_Exercise_
Would you restate each entry word for word, omitting the pictures?

_Stored data_
========
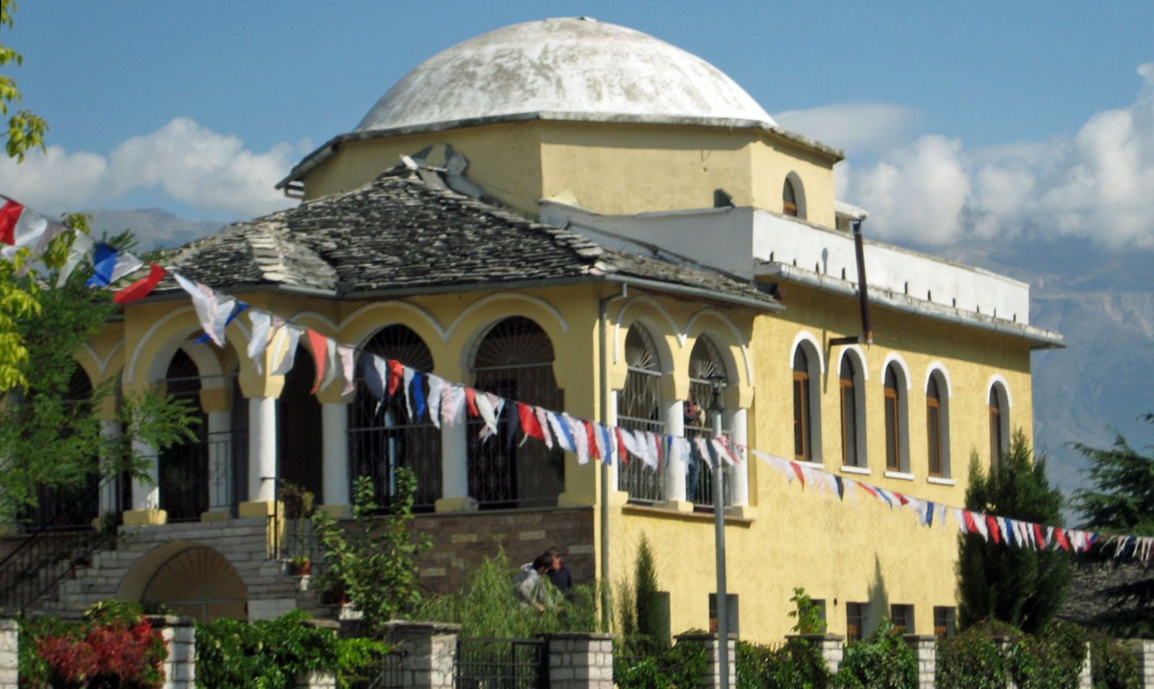 Old mosque in Gjirokastra
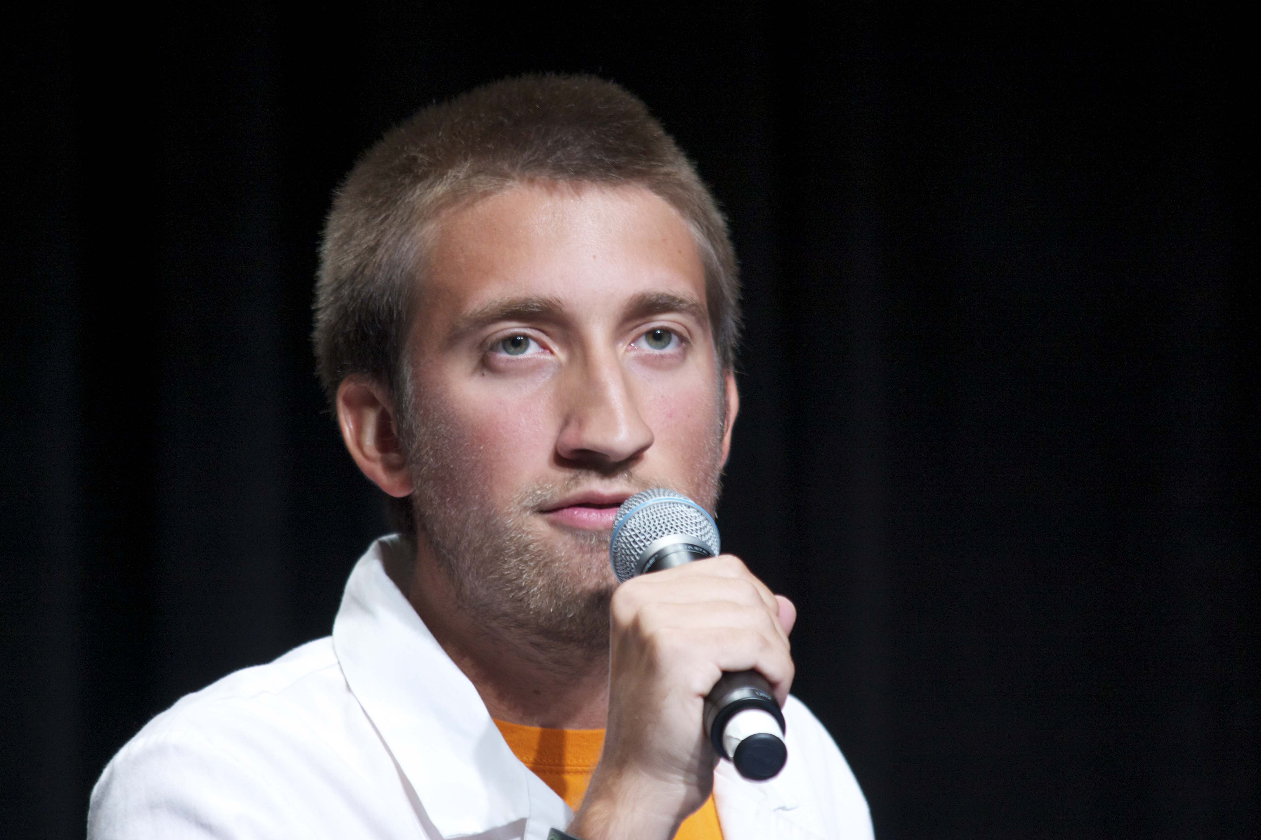 Gavin Free at RTX 2013, wearing his distinctive lab coat from The Slow Mo Guys
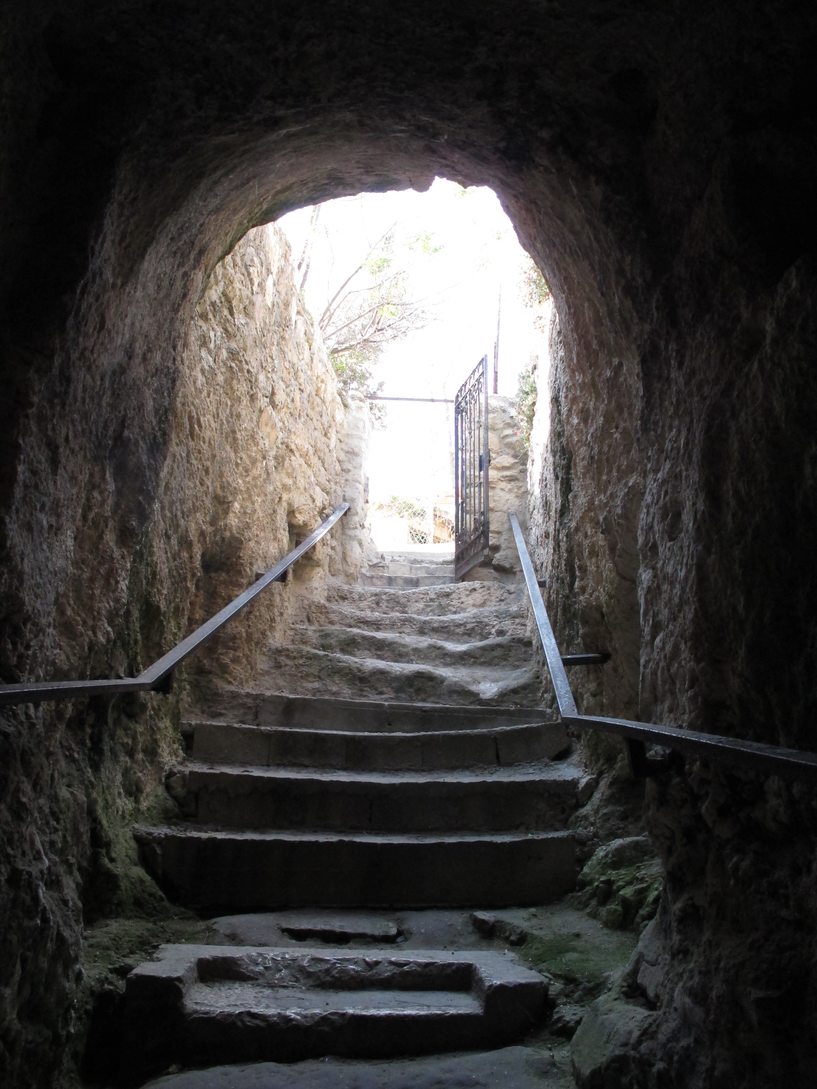 Entrance of the Tomb of the Prophets on the Mount of Olives in Jerusalem.
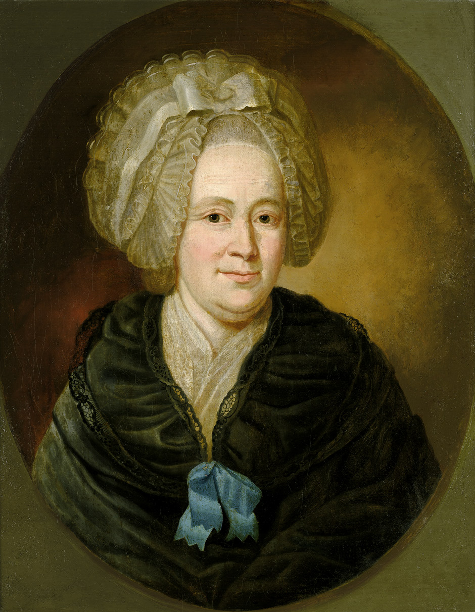 Portrait of Katharina Elisabeth Goethe (1731-1808)
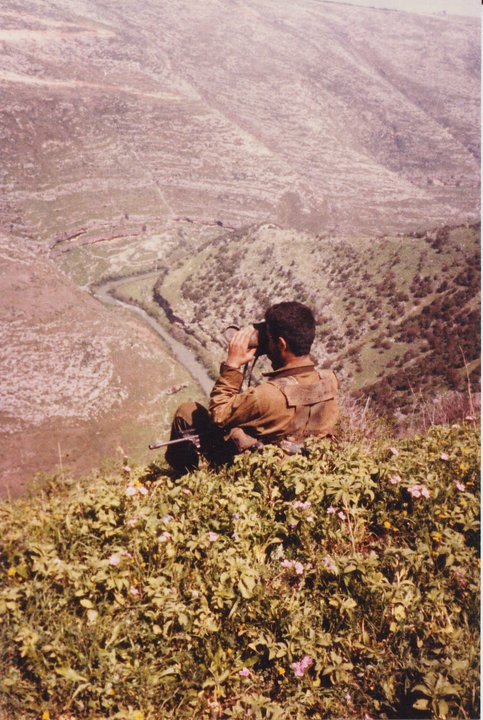 נהר הליטני. תו"ס על שפת מורדו הדרומי של ערוץ הנהר באיזור הכפר דיר סיריין. (1987) -התמונה צולמה על ידי דוד סומך
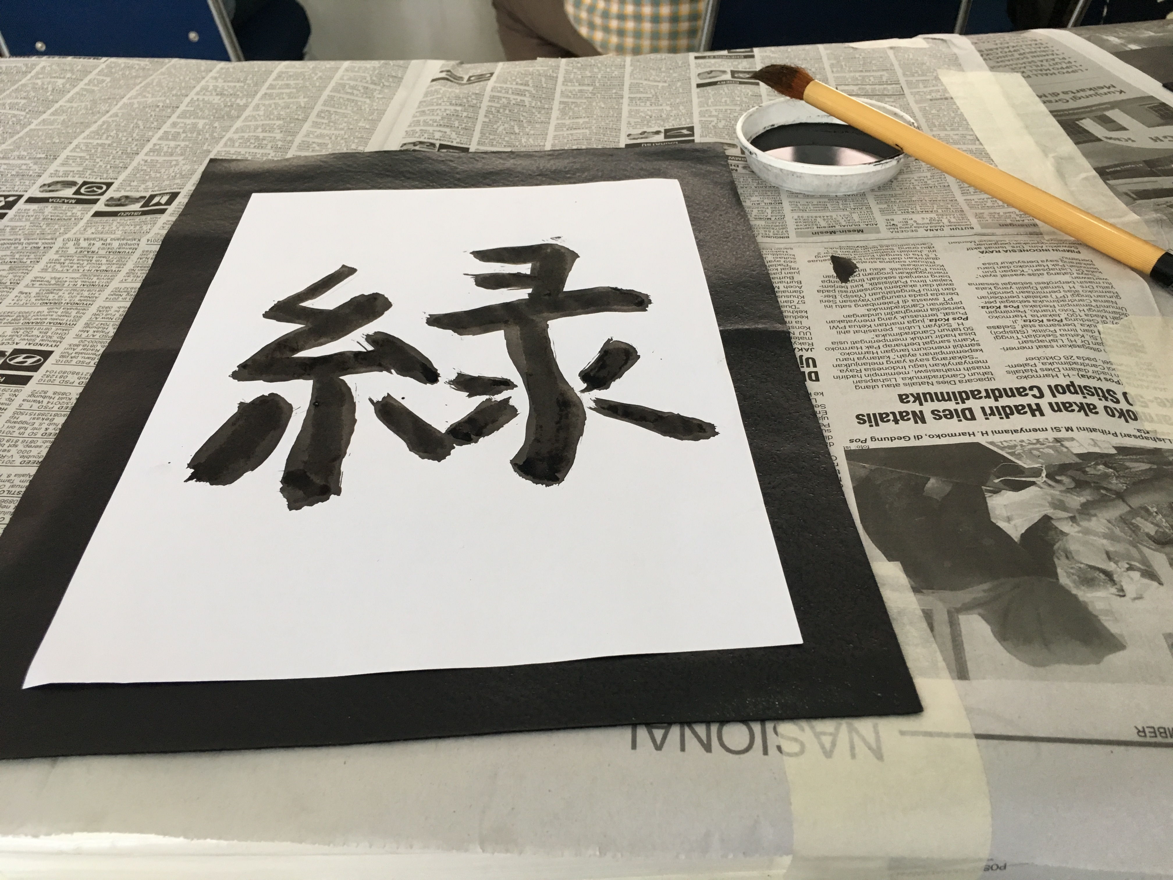 A Japanese calligraphy, with midori (緑) kanji being shown
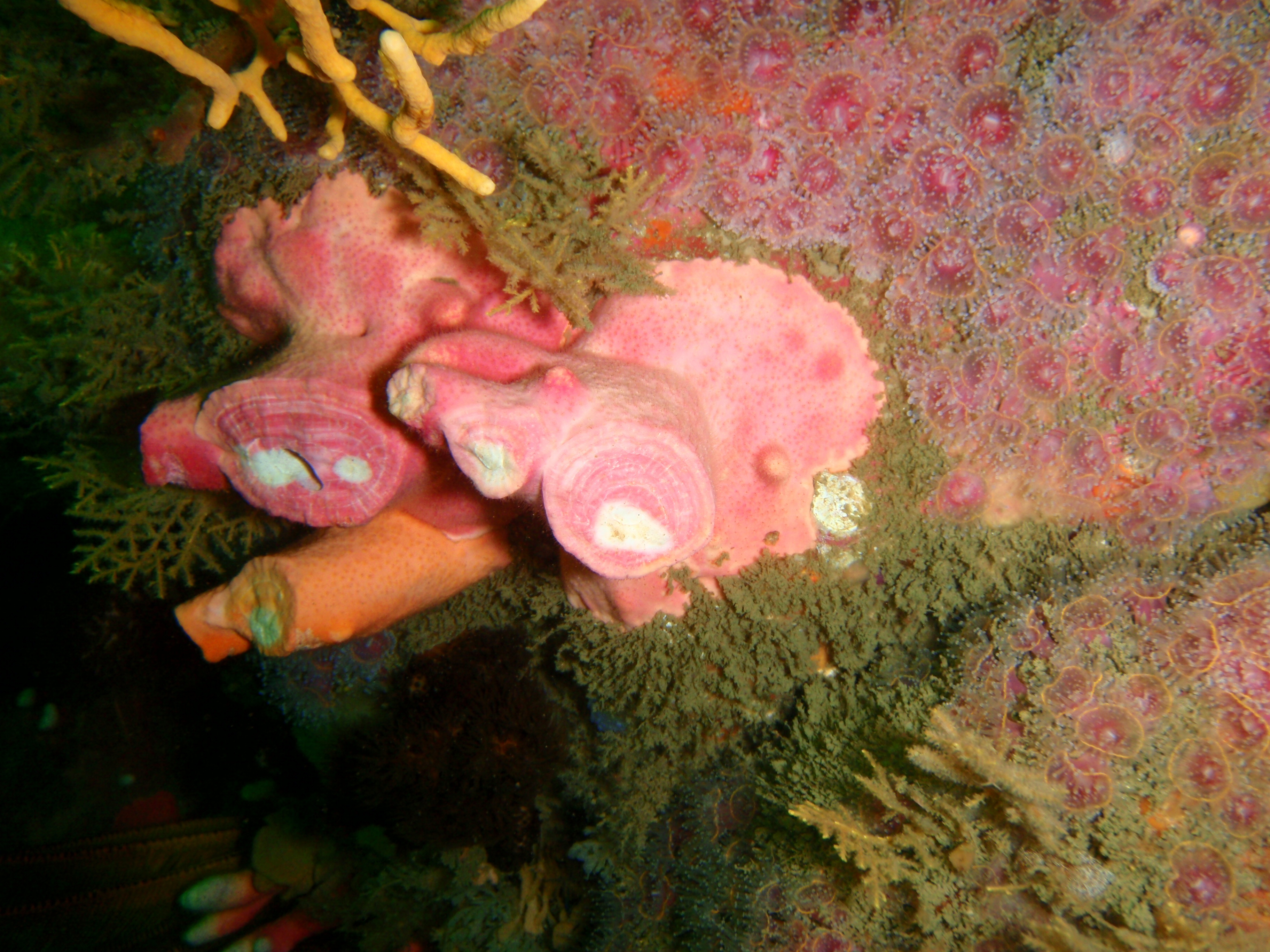 Noble coral Stylaster nobilis at Table Top reef at Hermanus, on the South African south coast.
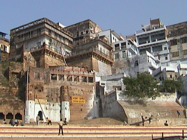 See Varanasi Development Cooperation Handbook/Stories/Responsible Development - Varanasi The Varanasi Heritage Dossier Kautilya Society Mediendatei abspielen Vrinda Dar - How we got involved in heritage protection of Varanasi
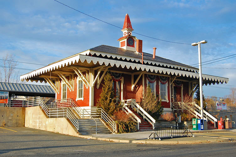 MBTA commuter rail stop for Swampscott, Massachusetts. A Victorian Era building which appears to be built in the Stick style.
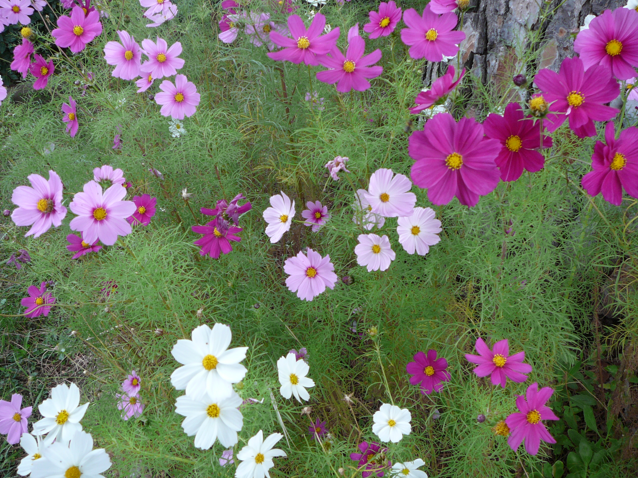 Cosmos flowers
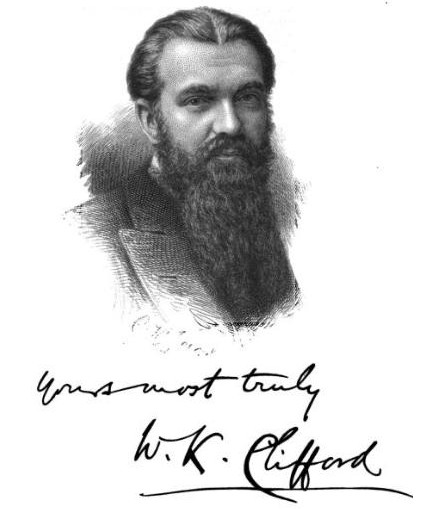 Picture of William Kingdon Clifford, the mathematician
========
_Reply to the task_
 Old mosque in Gjirokastra
 Gavin Free at RTX 2013, wearing his distinctive lab coat from The Slow Mo Guys
 Entrance of the Tomb of the Prophets on the Mount of Olives in Jerusalem.
 Portrait of Katharina Elisabeth Goethe (1731-1808)
 נהר הליטני. תו"ס על שפת מורדו הדרומי של ערוץ הנהר באיזור הכפר דיר סיריין. (1987) -התמונה צולמה על ידי דוד סומך
 A Japanese calligraphy, with midori (緑) kanji being shown
 Noble coral Stylaster nobilis at Table Top reef at Hermanus, on the South African south coast.
 See Varanasi Development Cooperation Handbook/Stories/Responsible Development - Varanasi The Varanasi Heritage Dossier Kautilya Society Mediendatei abspielen Vrinda Dar - How we got involved in heritage protection of Varanasi
 MBTA commuter rail stop for Swampscott, Massachusetts. A Victorian Era building which appears to be built in the Stick style.
 Cosmos flowers
 Picture of William Kingdon Clifford, the mathematician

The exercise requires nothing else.